- THE PROBLEM -
Up to and including the line that contains "Cardápio do Restaurante", repeat the entries below exactly from the first line on. Do not carry over any pictures.

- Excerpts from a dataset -
------------------------------------------------------------

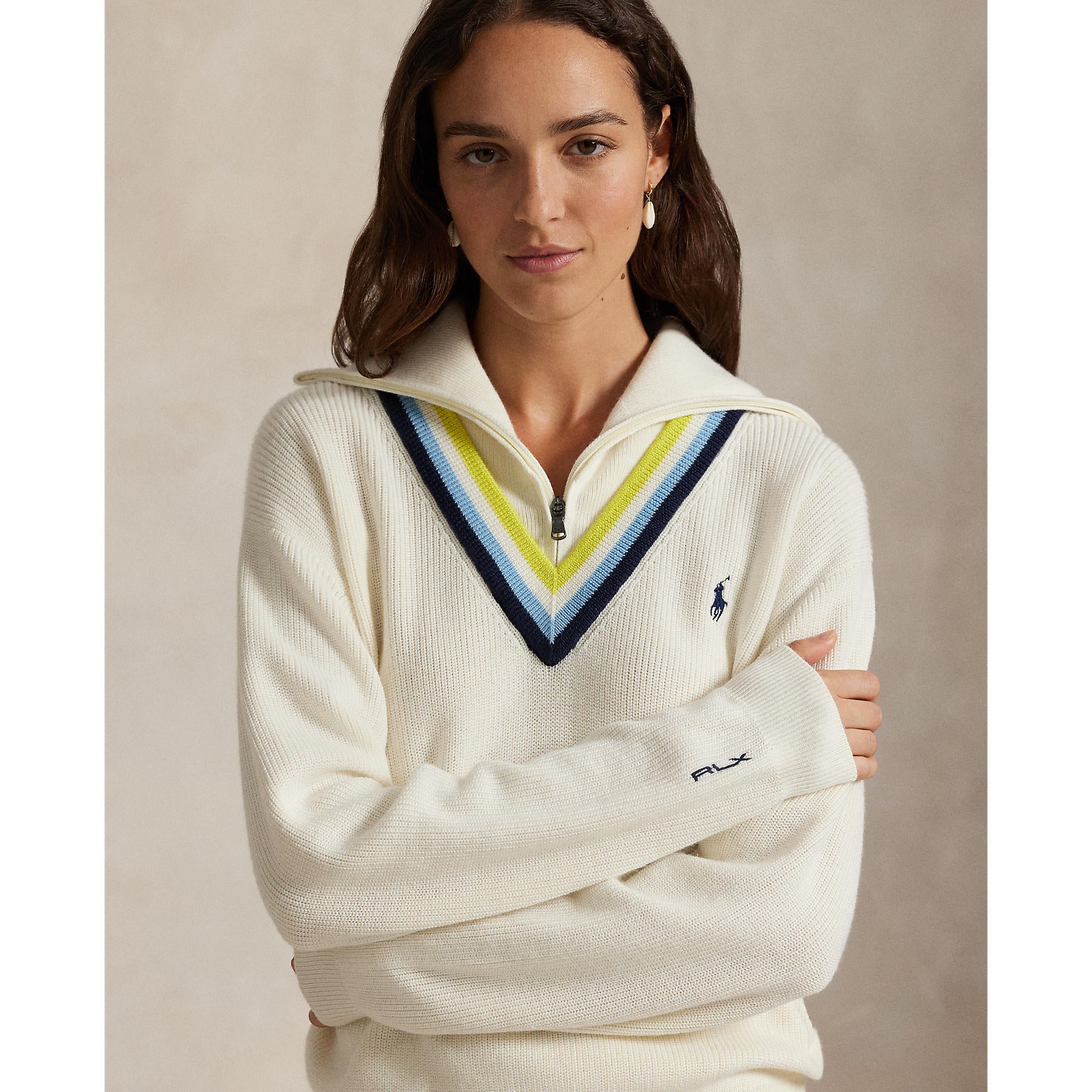 Classic, Cozy, and Effortlessly Athletic The RLX Ralph Lauren Women’s Cricket-Inspired Quarter-Zip Pullover blends the timeless appeal of a cricket jumper with the casual ease of a modern quarter-zip. Crafted from a soft wool-polyester blend, this versatile layer provides warmth, comfort, and classic athletic styling, elevated by signature RLX details.
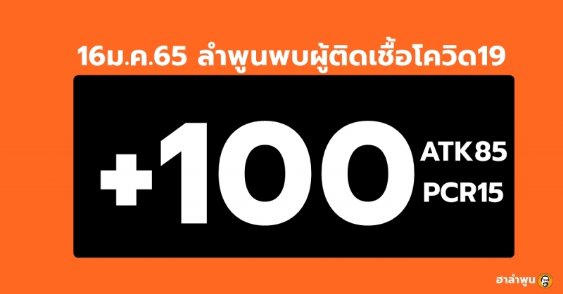 16 ม.ค. 65 เพจศูนย์ข่าวโควิด 19 ลำพูน แถลงสถานการณ์โควิด-19 จ.ลำพูน โดยเป็นข้อมูล ณ เมื่อวานนี้ เวลา 16.00น. พบผู้ติดเชื้อเพิ่ม 100ราย แบ่งเป็นการตรวจ RT-PCR ในจังหวัด 15ราย เป็นการตรวจ ATK85ราย (สามารถดูและฟังแถลง ได้ข้างล่าง )
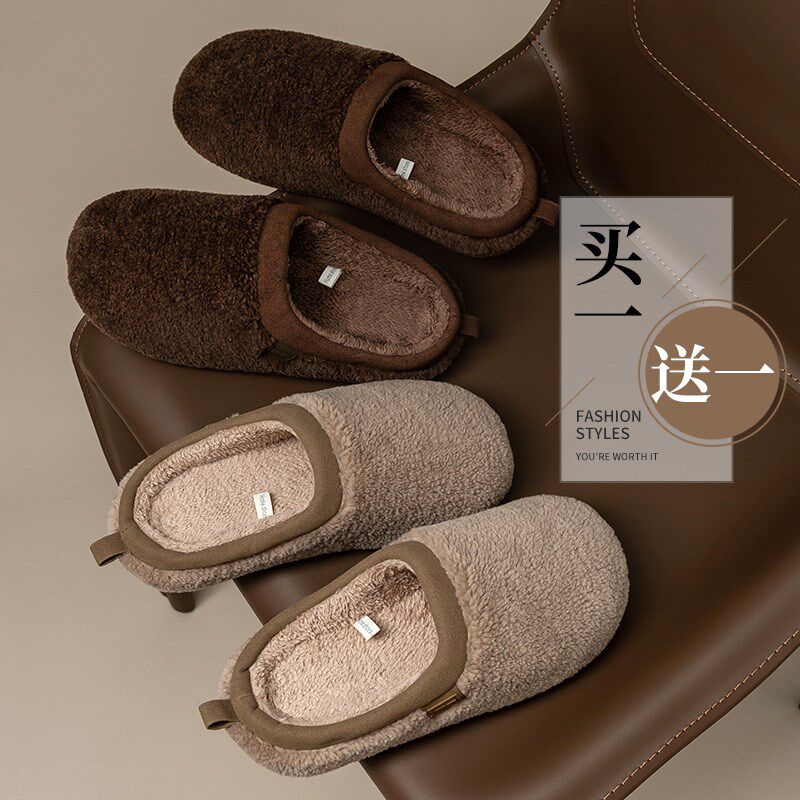 2双装毛绒棉拖鞋女秋冬季办公室厚底G防滑男居家保暖加绒冬天情侣
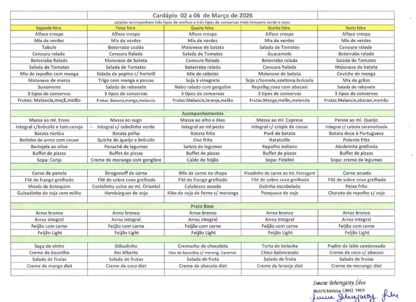Cardápio do Restaurante do CAFF (02/02 a 06/02)
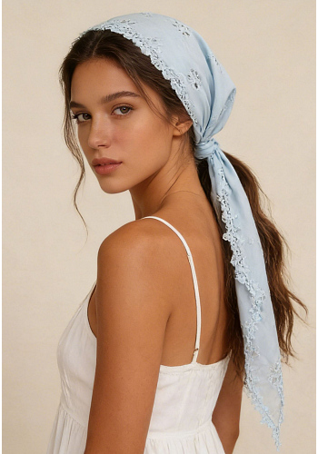Elegant och feminin scarf med vackra spetsdetaljer som kan stylas på flera sätt – i håret, runt halsen eller som pareo. Ett mångsidigt plagg som ger en romantisk och trendig touch till sommarens outfits.

------------------------------------------------------------

- REPLY -
 Classic, Cozy, and Effortlessly Athletic The RLX Ralph Lauren Women’s Cricket-Inspired Quarter-Zip Pullover blends the timeless appeal of a cricket jumper with the casual ease of a modern quarter-zip. Crafted from a soft wool-polyester blend, this versatile layer provides warmth, comfort, and classic athletic styling, elevated by signature RLX details.
 16 ม.ค. 65 เพจศูนย์ข่าวโควิด 19 ลำพูน แถลงสถานการณ์โควิด-19 จ.ลำพูน โดยเป็นข้อมูล ณ เมื่อวานนี้ เวลา 16.00น. พบผู้ติดเชื้อเพิ่ม 100ราย แบ่งเป็นการตรวจ RT-PCR ในจังหวัด 15ราย เป็นการตรวจ ATK85ราย (สามารถดูและฟังแถลง ได้ข้างล่าง )
 2双装毛绒棉拖鞋女秋冬季办公室厚底G防滑男居家保暖加绒冬天情侣
Cardápio do Restaurante do CAFF (02/02 a 06/02)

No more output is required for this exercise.